Entering edit mode
9.0 years ago
PAn
▴
20
I need to write a perl script to read gzipped fastq files from a text file list of their paths and then concatenate them together and output to a new gzipped file. (I need to do this in perl as it will be implemented in a pipeline) I am not sure how to accomplish the zcat and concatenation part, as the file sizes would be in Gbs, I need to take care of the storage and run time as well.

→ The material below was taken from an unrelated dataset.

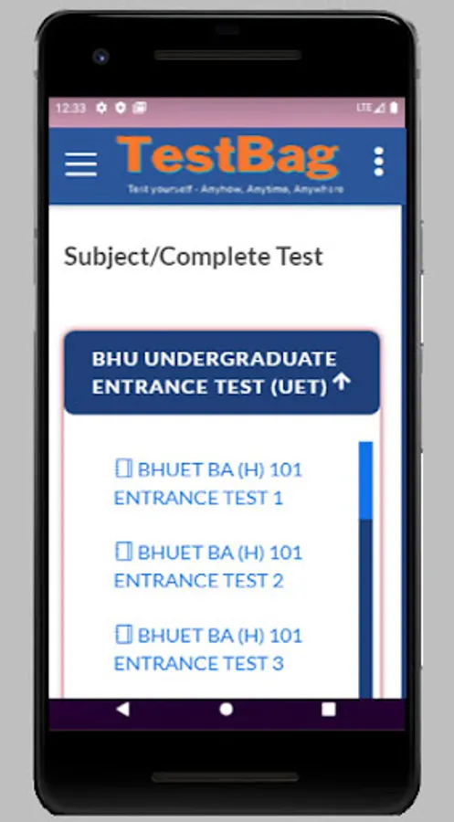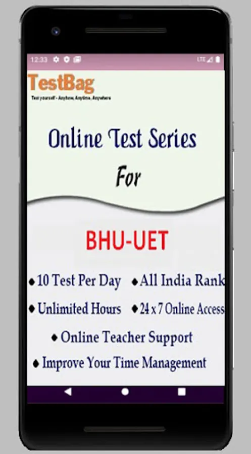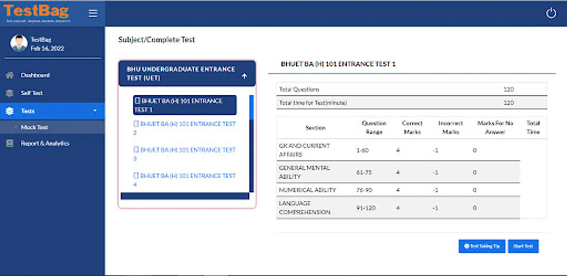TestBag provide BHU UET online Sample Mock Practice Test Papers, Test series, old Paper & many more based on latest Exam Pattern and syllabus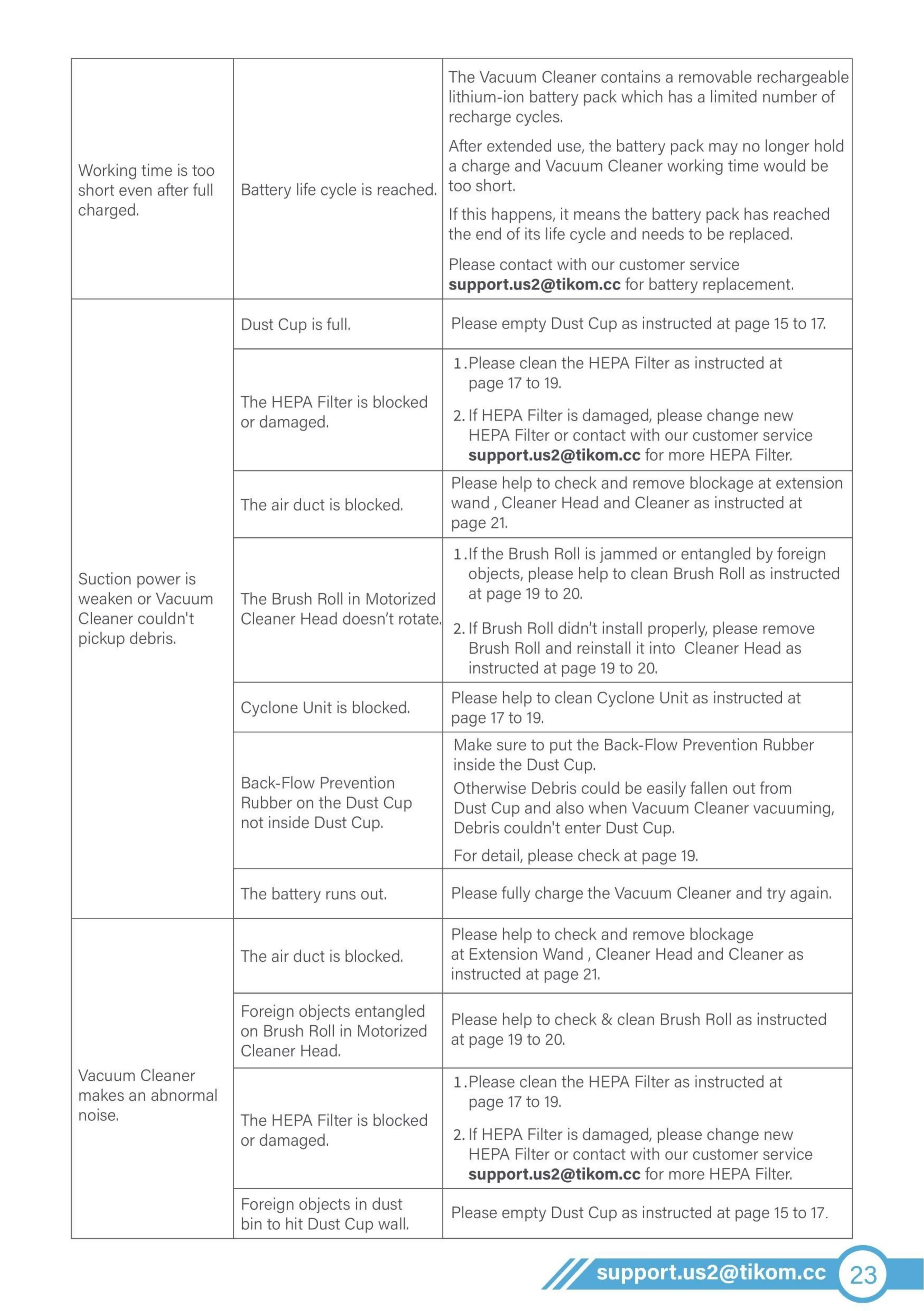 Please empty Dust Cup as instructed at page 15 to 17.

So far I can think of it as -
use strict;
use warnings;
use IO::Compress::Gzip qw(gzip $GzipError);
#-------check the input file specified-------------#
$num_args = $#ARGV + 1;
if ($num_args != 1) {
print "\nUsage: name.pl Filelist.txt \n";
exit;
$file_list = $ARGV[0];
#-------------Read the file into arrray-------------#
my @fastqc_files; #Array that contains gzipped files
use File::Slurp;
my @fastqc_files = $file_list;
#-------use the zcat over the array contents
my $outputfile = "combined.txt"
open(my $combined_file, '>', $outputfile) or die "Could not open file '$outputfile' $!";
for my $fastqc_file (@fastqc_files) {
open(IN, sprintf("zcat %s |", $fastqc_file))

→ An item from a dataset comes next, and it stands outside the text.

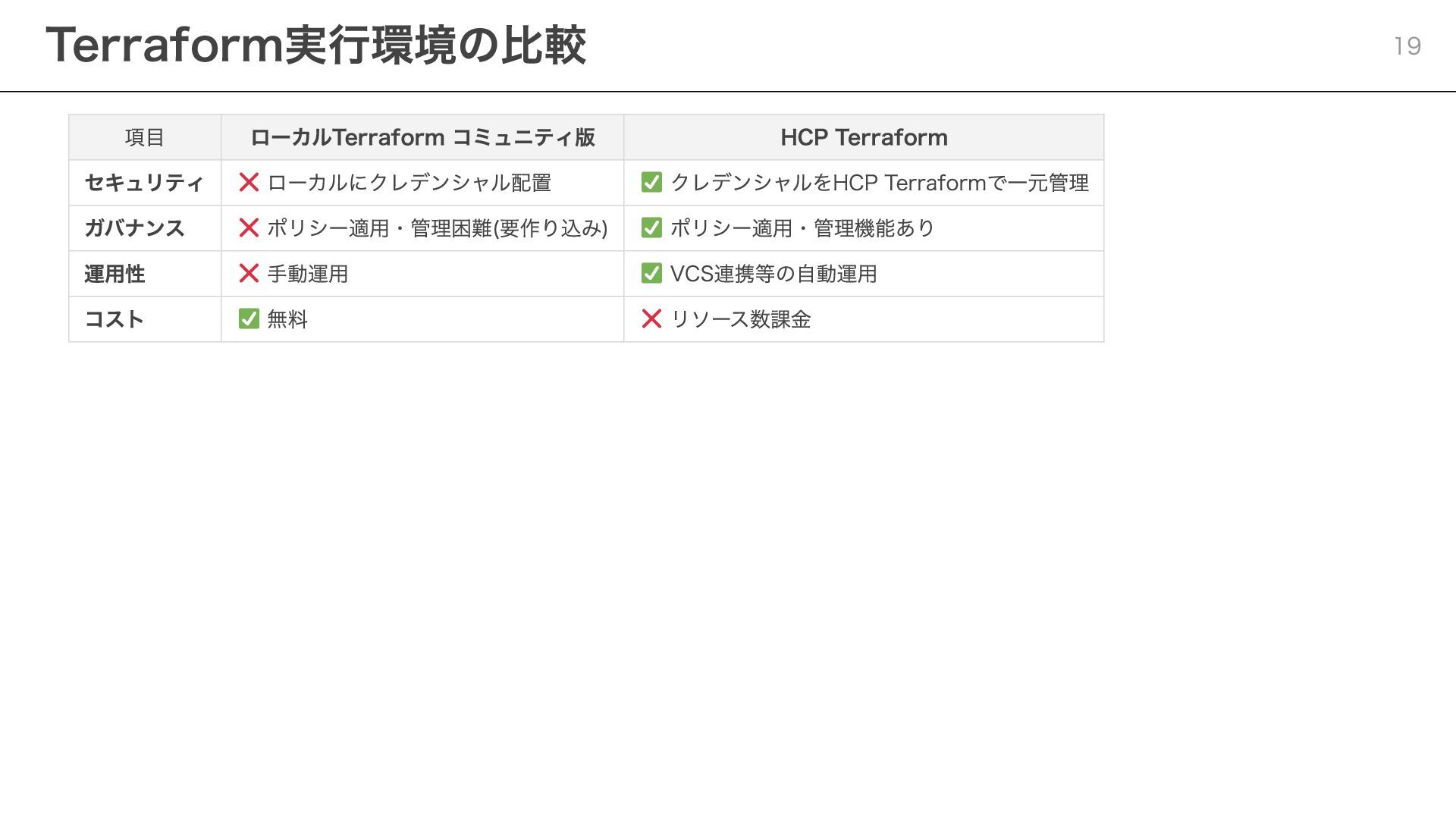 項目 ローカルTerraform コミュニティ版 HCP Terraform セキュリティ ローカルにクレデンシャル配置 クレデンシャルをHCP Terraformで一元管理 ガバナンス

or die("Can't open pipe from command 'zcat $fastqc_file' : $!\n");
while (<IN>) {
while ( my $line = IN ) {
print $outputfile $line ;
}
}
close(IN);
my $Final_combied_zip = new IO::Compress::Gzip($combined_file);
or die "gzip failed: $GzipError\n";
Somehow I am not able to get it to run. Can anyone share if there is simpler/ correct method to accomplish this? Thanks!
using zcat and compressing is useless: A: How To Merge Two Fastq.Gz Files?
What would be better way to combine gzip files then? I need to basically stitch them together, not just combine gzip files into one big gzip file (and I need to take the GBs size of file into account too)
The point is that "stitching them together" just means concatenating them. There is no difference. You can do this in one line (without perl) as Pierre's comment suggests.
Thanks Pierre and Sean, I understand its better to run it as one line command rather than perl but I really need to run it in perl, as I need to implement it in a pipeline which has other components, config files and XML caller etc. I will give it another shot, else will tell the collaborators to settle with one liner ( I prefer it as well)!
You can run a shell command from perl. A little googling will tell you how.
Thanks Sean, yes I got it running by simply using system
zcat
command in script. Thanks!Glad it worked out for you. Remember to "remove" your output file before entering the loop so that if the script has failed, you don't simply append to the "bad" file.
Oh yes, thats right. Thanks for pointing it out. I have another question - can I use ARGV for input-file instead of specifying it in script. I tried modifying the script to
instead of specifying the path for input file
but it shows error, can you please point out, sorry it must be very trivial.
Thanks!
You'll definitely need to do a little reading on arguments in perl. For example:
http://alvinalexander.com/perl/perl-command-line-arguments-read-args
Yes working on the perl basics. Thanks, it works now!